RECORDS TO PROCESS:
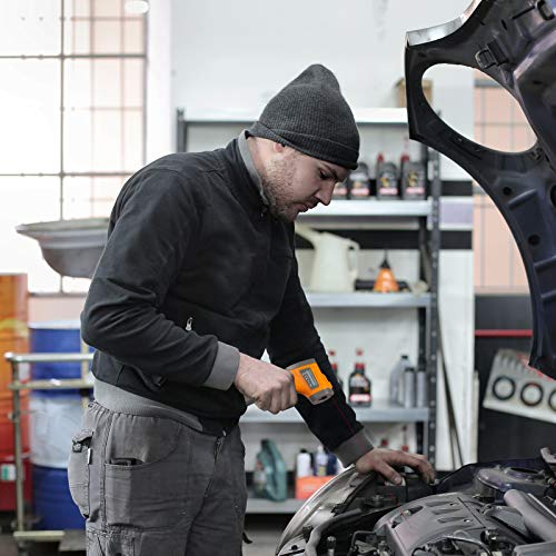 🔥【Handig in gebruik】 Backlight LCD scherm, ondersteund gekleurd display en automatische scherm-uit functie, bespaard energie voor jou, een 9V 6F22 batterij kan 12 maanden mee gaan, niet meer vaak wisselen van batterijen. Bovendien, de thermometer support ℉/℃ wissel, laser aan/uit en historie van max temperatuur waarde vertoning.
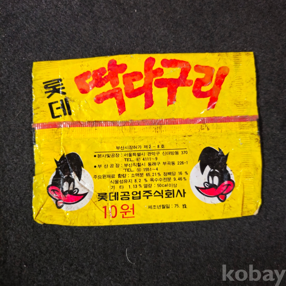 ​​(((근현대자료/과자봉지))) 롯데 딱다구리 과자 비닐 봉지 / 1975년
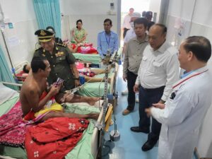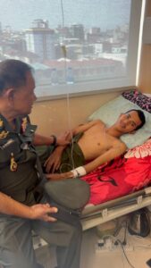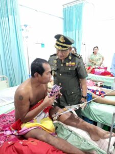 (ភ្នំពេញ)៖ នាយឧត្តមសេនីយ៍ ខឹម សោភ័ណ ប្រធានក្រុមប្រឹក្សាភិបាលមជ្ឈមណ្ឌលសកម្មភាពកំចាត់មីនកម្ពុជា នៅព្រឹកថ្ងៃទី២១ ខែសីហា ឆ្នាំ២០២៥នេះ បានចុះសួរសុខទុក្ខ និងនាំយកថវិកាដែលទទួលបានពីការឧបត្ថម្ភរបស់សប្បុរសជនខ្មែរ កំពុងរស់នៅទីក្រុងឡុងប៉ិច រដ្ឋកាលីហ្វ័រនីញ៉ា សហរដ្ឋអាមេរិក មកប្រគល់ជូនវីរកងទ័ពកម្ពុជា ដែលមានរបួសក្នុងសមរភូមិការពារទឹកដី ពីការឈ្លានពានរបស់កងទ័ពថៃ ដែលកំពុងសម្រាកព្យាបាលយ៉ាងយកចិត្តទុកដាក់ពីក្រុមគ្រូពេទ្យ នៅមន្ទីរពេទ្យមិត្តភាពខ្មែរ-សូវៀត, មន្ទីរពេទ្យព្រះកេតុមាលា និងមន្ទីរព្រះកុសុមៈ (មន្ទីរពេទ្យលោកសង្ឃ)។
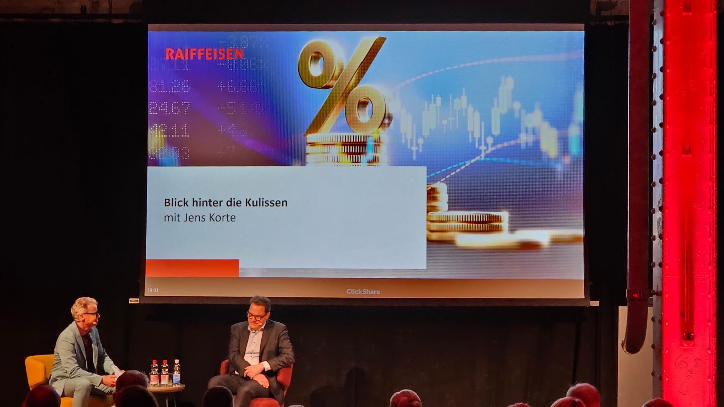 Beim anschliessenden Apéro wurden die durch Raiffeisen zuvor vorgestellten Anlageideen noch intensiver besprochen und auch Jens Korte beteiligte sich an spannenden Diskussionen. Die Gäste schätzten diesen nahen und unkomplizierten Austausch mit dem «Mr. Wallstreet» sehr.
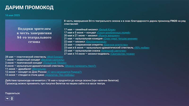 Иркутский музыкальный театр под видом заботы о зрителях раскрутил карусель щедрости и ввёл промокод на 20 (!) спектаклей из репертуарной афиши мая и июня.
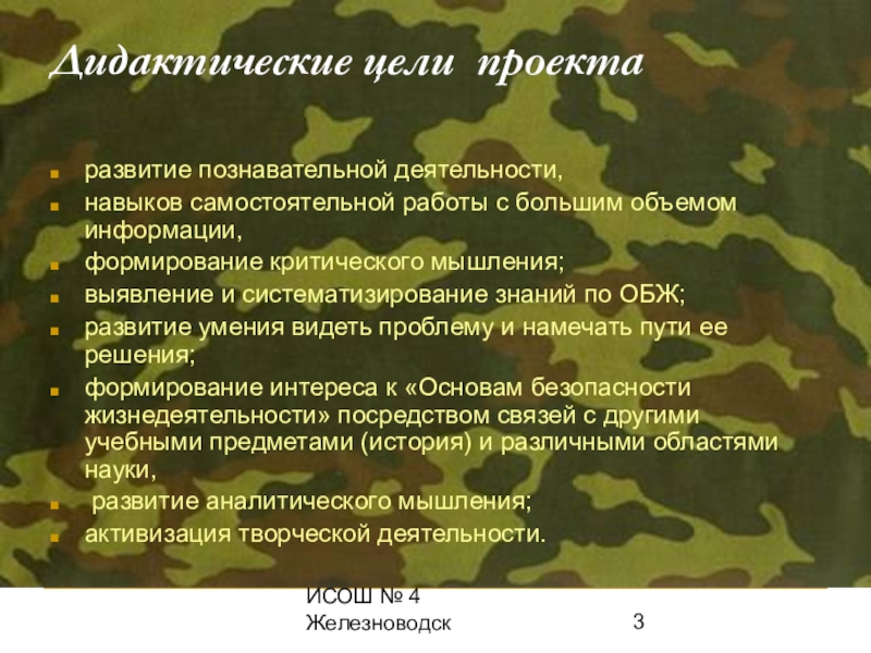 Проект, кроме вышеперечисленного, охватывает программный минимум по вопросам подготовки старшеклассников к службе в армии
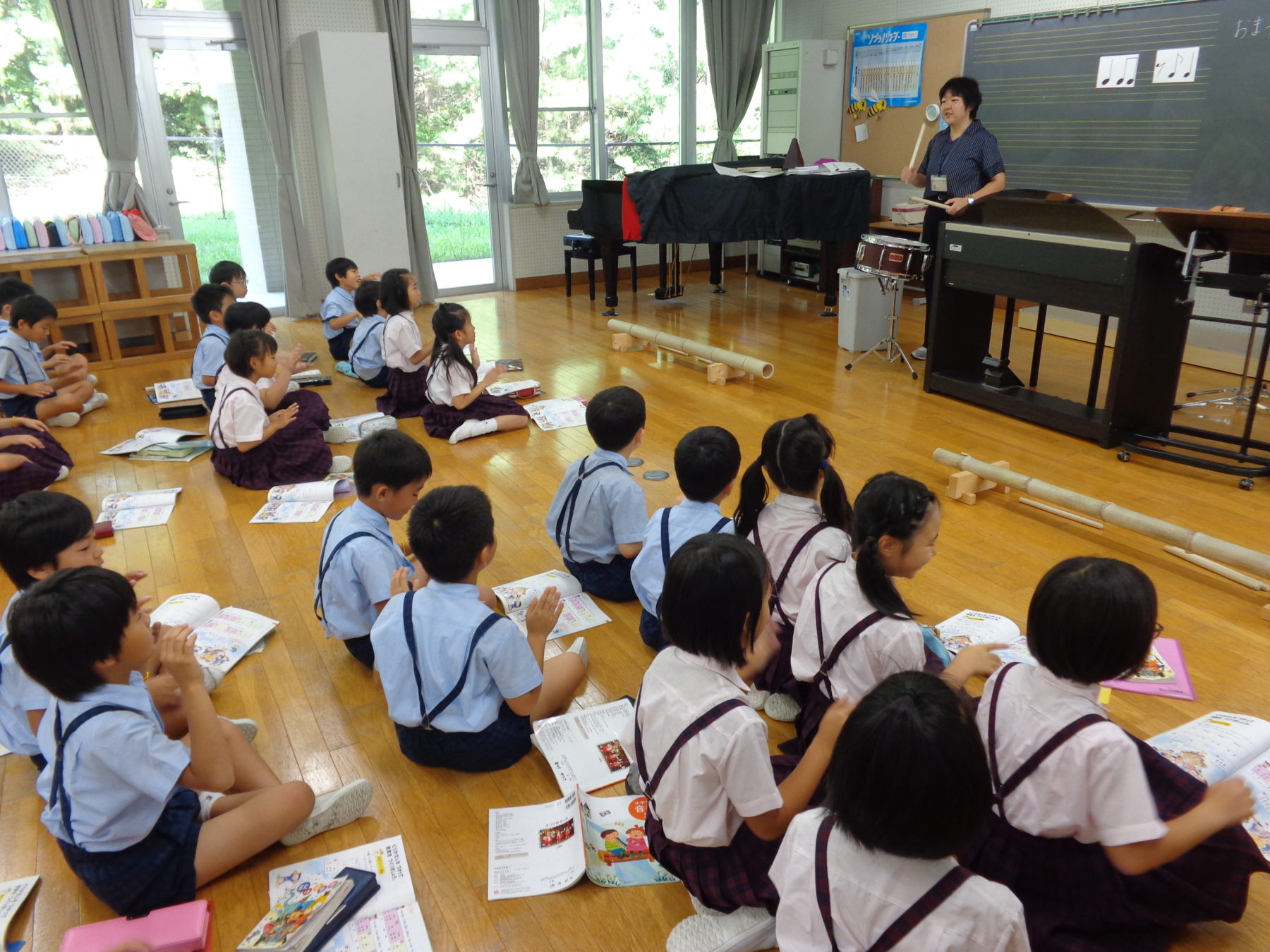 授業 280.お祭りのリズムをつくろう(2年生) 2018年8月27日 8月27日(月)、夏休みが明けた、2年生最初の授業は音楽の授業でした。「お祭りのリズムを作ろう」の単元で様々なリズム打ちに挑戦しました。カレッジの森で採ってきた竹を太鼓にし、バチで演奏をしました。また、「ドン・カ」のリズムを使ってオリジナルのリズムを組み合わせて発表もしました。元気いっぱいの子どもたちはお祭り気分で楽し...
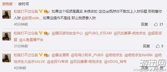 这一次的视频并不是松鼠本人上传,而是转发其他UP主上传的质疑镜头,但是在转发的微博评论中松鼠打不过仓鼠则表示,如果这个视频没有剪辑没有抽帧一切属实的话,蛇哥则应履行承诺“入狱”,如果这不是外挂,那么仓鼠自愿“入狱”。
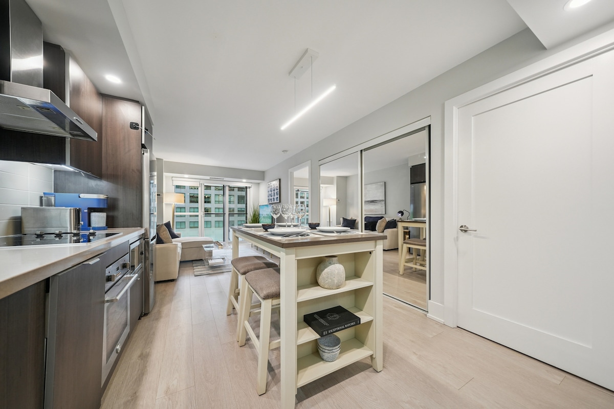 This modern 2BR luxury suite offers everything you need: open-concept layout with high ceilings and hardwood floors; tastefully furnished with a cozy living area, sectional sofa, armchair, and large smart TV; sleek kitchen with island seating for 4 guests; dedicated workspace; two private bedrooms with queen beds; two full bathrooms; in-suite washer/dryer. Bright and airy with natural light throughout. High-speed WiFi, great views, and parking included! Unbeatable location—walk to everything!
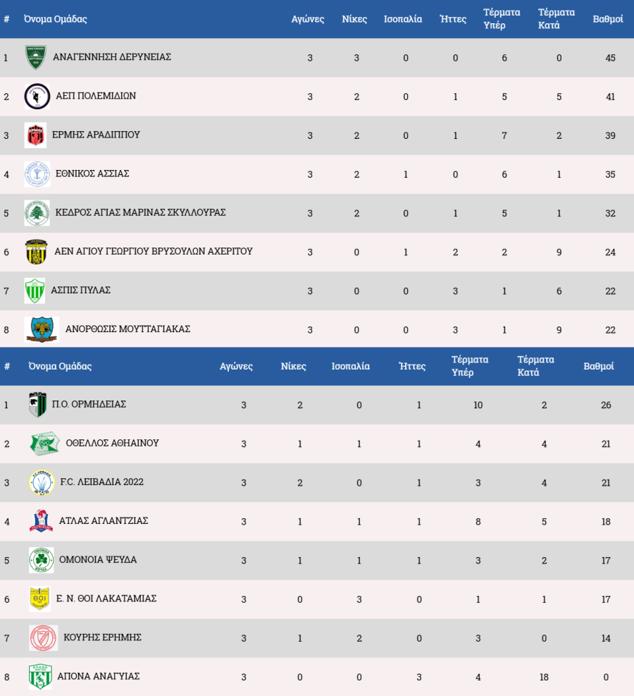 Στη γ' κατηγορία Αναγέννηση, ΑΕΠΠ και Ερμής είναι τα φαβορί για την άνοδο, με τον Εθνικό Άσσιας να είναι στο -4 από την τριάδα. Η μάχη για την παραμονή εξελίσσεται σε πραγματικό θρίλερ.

WHAT IS REQUIRED: Leaving out each picture, repeat exactly the lines above from the one that contains "Иркутский музыкальный театр" through the one that contains "这一次的视频并不是松鼠本人上".

RESPONSE:
 Иркутский музыкальный театр под видом заботы о зрителях раскрутил карусель щедрости и ввёл промокод на 20 (!) спектаклей из репертуарной афиши мая и июня.
 Проект, кроме вышеперечисленного, охватывает программный минимум по вопросам подготовки старшеклассников к службе в армии
 授業 280.お祭りのリズムをつくろう(2年生) 2018年8月27日 8月27日(月)、夏休みが明けた、2年生最初の授業は音楽の授業でした。「お祭りのリズムを作ろう」の単元で様々なリズム打ちに挑戦しました。カレッジの森で採ってきた竹を太鼓にし、バチで演奏をしました。また、「ドン・カ」のリズムを使ってオリジナルのリズムを組み合わせて発表もしました。元気いっぱいの子どもたちはお祭り気分で楽し...
 这一次的视频并不是松鼠本人上传,而是转发其他UP主上传的质疑镜头,但是在转发的微博评论中松鼠打不过仓鼠则表示,如果这个视频没有剪辑没有抽帧一切属实的话,蛇哥则应履行承诺“入狱”,如果这不是外挂,那么仓鼠自愿“入狱”。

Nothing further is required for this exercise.